* **What to work on**
Please reproduce the entries in full. Keep every character the same.

* **Source data**
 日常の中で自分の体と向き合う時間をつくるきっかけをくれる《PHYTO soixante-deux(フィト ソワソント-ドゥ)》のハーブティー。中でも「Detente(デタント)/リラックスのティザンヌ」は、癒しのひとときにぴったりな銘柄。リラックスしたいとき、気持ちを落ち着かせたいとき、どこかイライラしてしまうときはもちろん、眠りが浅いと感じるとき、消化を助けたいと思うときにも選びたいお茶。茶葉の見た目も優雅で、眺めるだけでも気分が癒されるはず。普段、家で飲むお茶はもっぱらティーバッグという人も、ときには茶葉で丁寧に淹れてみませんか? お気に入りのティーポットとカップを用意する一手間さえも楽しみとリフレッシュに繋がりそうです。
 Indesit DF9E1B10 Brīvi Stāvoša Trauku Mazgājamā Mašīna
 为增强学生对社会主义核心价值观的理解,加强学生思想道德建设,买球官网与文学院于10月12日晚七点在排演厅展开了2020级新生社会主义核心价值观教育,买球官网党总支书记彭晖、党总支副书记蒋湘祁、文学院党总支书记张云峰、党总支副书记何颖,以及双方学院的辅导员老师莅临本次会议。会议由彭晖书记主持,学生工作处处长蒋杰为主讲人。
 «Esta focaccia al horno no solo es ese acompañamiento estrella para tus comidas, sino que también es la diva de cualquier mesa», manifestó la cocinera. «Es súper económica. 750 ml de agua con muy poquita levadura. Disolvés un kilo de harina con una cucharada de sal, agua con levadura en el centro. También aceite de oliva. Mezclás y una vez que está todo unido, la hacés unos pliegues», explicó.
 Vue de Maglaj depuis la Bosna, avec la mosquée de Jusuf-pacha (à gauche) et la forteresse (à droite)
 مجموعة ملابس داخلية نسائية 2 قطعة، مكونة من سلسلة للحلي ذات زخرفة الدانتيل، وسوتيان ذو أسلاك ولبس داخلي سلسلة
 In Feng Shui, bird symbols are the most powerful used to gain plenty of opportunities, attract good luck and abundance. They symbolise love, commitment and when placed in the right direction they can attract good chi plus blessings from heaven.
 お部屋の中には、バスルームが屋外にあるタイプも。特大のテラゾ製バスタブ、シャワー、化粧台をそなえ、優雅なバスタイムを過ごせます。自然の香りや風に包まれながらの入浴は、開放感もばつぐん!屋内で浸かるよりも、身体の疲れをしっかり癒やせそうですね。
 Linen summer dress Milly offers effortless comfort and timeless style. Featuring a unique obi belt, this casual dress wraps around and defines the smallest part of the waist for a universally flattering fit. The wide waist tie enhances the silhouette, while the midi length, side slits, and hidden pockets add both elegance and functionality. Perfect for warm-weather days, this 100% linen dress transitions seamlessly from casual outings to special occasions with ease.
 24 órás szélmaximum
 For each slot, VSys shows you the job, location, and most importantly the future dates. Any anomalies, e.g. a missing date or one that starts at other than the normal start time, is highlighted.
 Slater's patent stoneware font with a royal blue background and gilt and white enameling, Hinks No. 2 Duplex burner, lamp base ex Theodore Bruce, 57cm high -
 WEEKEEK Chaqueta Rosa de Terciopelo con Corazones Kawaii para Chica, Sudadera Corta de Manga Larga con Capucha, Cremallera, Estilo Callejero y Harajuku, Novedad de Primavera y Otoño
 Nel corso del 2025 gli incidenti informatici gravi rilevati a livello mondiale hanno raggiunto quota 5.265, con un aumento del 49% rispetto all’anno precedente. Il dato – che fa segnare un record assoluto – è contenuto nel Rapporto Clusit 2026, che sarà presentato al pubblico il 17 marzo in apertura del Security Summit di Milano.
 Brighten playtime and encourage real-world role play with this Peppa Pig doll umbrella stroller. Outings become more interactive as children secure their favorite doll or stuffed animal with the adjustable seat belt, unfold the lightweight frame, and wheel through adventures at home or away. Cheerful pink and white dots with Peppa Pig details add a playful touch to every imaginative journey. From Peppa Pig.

* **Response to this task**
 日常の中で自分の体と向き合う時間をつくるきっかけをくれる《PHYTO soixante-deux(フィト ソワソント-ドゥ)》のハーブティー。中でも「Detente(デタント)/リラックスのティザンヌ」は、癒しのひとときにぴったりな銘柄。リラックスしたいとき、気持ちを落ち着かせたいとき、どこかイライラしてしまうときはもちろん、眠りが浅いと感じるとき、消化を助けたいと思うときにも選びたいお茶。茶葉の見た目も優雅で、眺めるだけでも気分が癒されるはず。普段、家で飲むお茶はもっぱらティーバッグという人も、ときには茶葉で丁寧に淹れてみませんか? お気に入りのティーポットとカップを用意する一手間さえも楽しみとリフレッシュに繋がりそうです。
 Indesit DF9E1B10 Brīvi Stāvoša Trauku Mazgājamā Mašīna
 为增强学生对社会主义核心价值观的理解,加强学生思想道德建设,买球官网与文学院于10月12日晚七点在排演厅展开了2020级新生社会主义核心价值观教育,买球官网党总支书记彭晖、党总支副书记蒋湘祁、文学院党总支书记张云峰、党总支副书记何颖,以及双方学院的辅导员老师莅临本次会议。会议由彭晖书记主持,学生工作处处长蒋杰为主讲人。
 «Esta focaccia al horno no solo es ese acompañamiento estrella para tus comidas, sino que también es la diva de cualquier mesa», manifestó la cocinera. «Es súper económica. 750 ml de agua con muy poquita levadura. Disolvés un kilo de harina con una cucharada de sal, agua con levadura en el centro. También aceite de oliva. Mezclás y una vez que está todo unido, la hacés unos pliegues», explicó.
 Vue de Maglaj depuis la Bosna, avec la mosquée de Jusuf-pacha (à gauche) et la forteresse (à droite)
 مجموعة ملابس داخلية نسائية 2 قطعة، مكونة من سلسلة للحلي ذات زخرفة الدانتيل، وسوتيان ذو أسلاك ولبس داخلي سلسلة
 In Feng Shui, bird symbols are the most powerful used to gain plenty of opportunities, attract good luck and abundance. They symbolise love, commitment and when placed in the right direction they can attract good chi plus blessings from heaven.
 お部屋の中には、バスルームが屋外にあるタイプも。特大のテラゾ製バスタブ、シャワー、化粧台をそなえ、優雅なバスタイムを過ごせます。自然の香りや風に包まれながらの入浴は、開放感もばつぐん!屋内で浸かるよりも、身体の疲れをしっかり癒やせそうですね。
 Linen summer dress Milly offers effortless comfort and timeless style. Featuring a unique obi belt, this casual dress wraps around and defines the smallest part of the waist for a universally flattering fit. The wide waist tie enhances the silhouette, while the midi length, side slits, and hidden pockets add both elegance and functionality. Perfect for warm-weather days, this 100% linen dress transitions seamlessly from casual outings to special occasions with ease.
 24 órás szélmaximum
 For each slot, VSys shows you the job, location, and most importantly the future dates. Any anomalies, e.g. a missing date or one that starts at other than the normal start time, is highlighted.
 Slater's patent stoneware font with a royal blue background and gilt and white enameling, Hinks No. 2 Duplex burner, lamp base ex Theodore Bruce, 57cm high -
 WEEKEEK Chaqueta Rosa de Terciopelo con Corazones Kawaii para Chica, Sudadera Corta de Manga Larga con Capucha, Cremallera, Estilo Callejero y Harajuku, Novedad de Primavera y Otoño
 Nel corso del 2025 gli incidenti informatici gravi rilevati a livello mondiale hanno raggiunto quota 5.265, con un aumento del 49% rispetto all’anno precedente. Il dato – che fa segnare un record assoluto – è contenuto nel Rapporto Clusit 2026, che sarà presentato al pubblico il 17 marzo in apertura del Security Summit di Milano.
 Brighten playtime and encourage real-world role play with this Peppa Pig doll umbrella stroller. Outings become more interactive as children secure their favorite doll or stuffed animal with the adjustable seat belt, unfold the lightweight frame, and wheel through adventures at home or away. Cheerful pink and white dots with Peppa Pig details add a playful touch to every imaginative journey. From Peppa Pig.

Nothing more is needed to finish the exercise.